--- Data section Enclosed Below ---

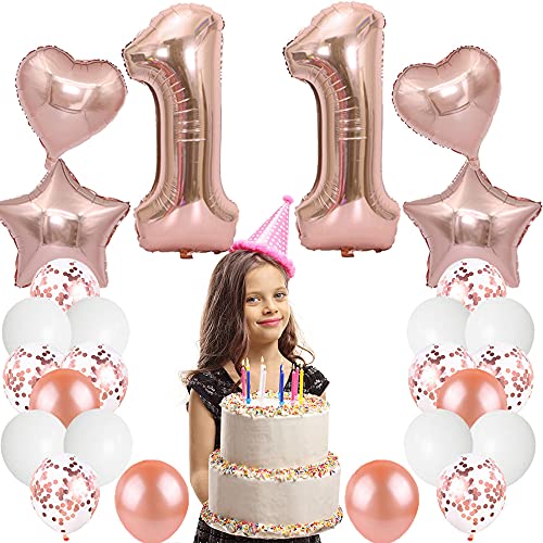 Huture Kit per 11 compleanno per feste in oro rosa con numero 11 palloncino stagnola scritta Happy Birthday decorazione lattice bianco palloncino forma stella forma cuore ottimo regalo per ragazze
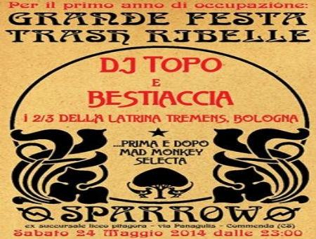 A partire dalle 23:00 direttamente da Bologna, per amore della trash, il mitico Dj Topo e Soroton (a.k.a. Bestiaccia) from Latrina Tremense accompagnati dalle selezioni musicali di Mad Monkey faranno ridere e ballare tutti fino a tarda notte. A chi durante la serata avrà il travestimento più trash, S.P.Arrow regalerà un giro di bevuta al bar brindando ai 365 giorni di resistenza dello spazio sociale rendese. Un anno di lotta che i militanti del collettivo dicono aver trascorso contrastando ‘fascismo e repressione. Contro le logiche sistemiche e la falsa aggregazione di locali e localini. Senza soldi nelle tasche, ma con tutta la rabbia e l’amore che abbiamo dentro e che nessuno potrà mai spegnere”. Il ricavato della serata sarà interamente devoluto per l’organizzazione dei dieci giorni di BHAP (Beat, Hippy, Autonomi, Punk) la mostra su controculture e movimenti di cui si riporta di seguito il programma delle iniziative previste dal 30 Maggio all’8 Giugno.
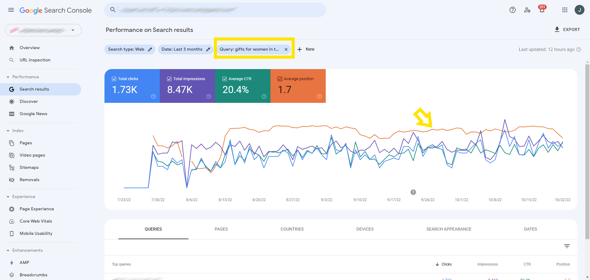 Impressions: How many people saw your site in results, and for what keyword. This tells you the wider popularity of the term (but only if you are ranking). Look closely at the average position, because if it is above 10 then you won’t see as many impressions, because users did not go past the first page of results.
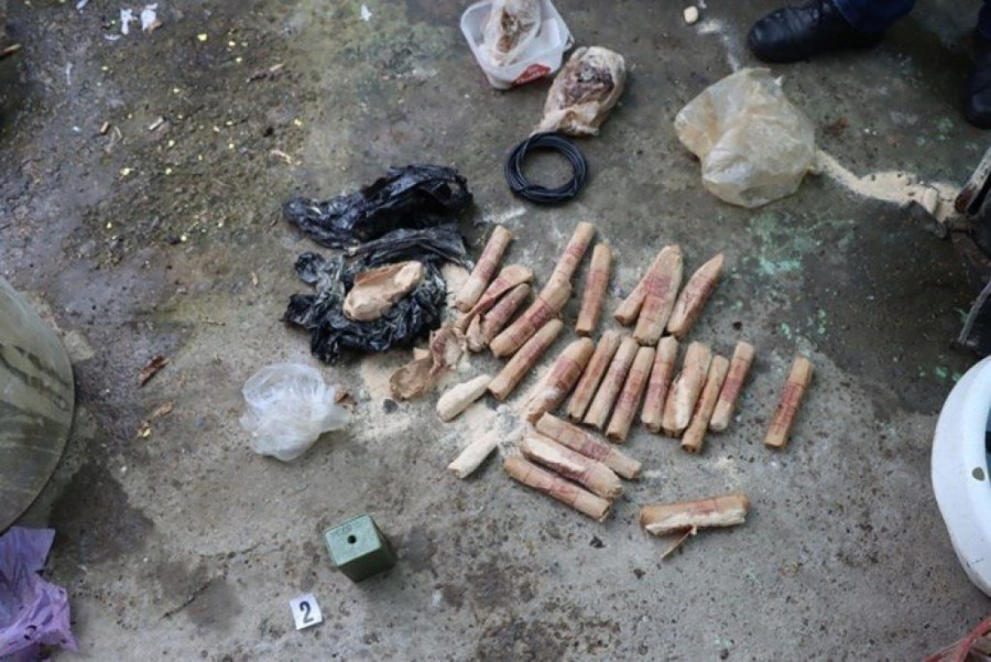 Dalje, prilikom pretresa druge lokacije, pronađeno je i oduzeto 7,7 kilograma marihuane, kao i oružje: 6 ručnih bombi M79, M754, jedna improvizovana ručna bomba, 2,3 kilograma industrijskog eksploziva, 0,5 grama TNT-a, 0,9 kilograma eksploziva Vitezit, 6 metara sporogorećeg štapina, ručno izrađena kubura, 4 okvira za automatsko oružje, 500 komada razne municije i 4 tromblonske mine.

--- End of Enclosed Data section ---

Please print, exactly as given, the lines running from the beginning of the listing through the line containing "A partire dalle", omitting each picture.

■ Response for this exercise ■
 Huture Kit per 11 compleanno per feste in oro rosa con numero 11 palloncino stagnola scritta Happy Birthday decorazione lattice bianco palloncino forma stella forma cuore ottimo regalo per ragazze
 A partire dalle 23:00 direttamente da Bologna, per amore della trash, il mitico Dj Topo e Soroton (a.k.a. Bestiaccia) from Latrina Tremense accompagnati dalle selezioni musicali di Mad Monkey faranno ridere e ballare tutti fino a tarda notte. A chi durante la serata avrà il travestimento più trash, S.P.Arrow regalerà un giro di bevuta al bar brindando ai 365 giorni di resistenza dello spazio sociale rendese. Un anno di lotta che i militanti del collettivo dicono aver trascorso contrastando ‘fascismo e repressione. Contro le logiche sistemiche e la falsa aggregazione di locali e localini. Senza soldi nelle tasche, ma con tutta la rabbia e l’amore che abbiamo dentro e che nessuno potrà mai spegnere”. Il ricavato della serata sarà interamente devoluto per l’organizzazione dei dieci giorni di BHAP (Beat, Hippy, Autonomi, Punk) la mostra su controculture e movimenti di cui si riporta di seguito il programma delle iniziative previste dal 30 Maggio all’8 Giugno.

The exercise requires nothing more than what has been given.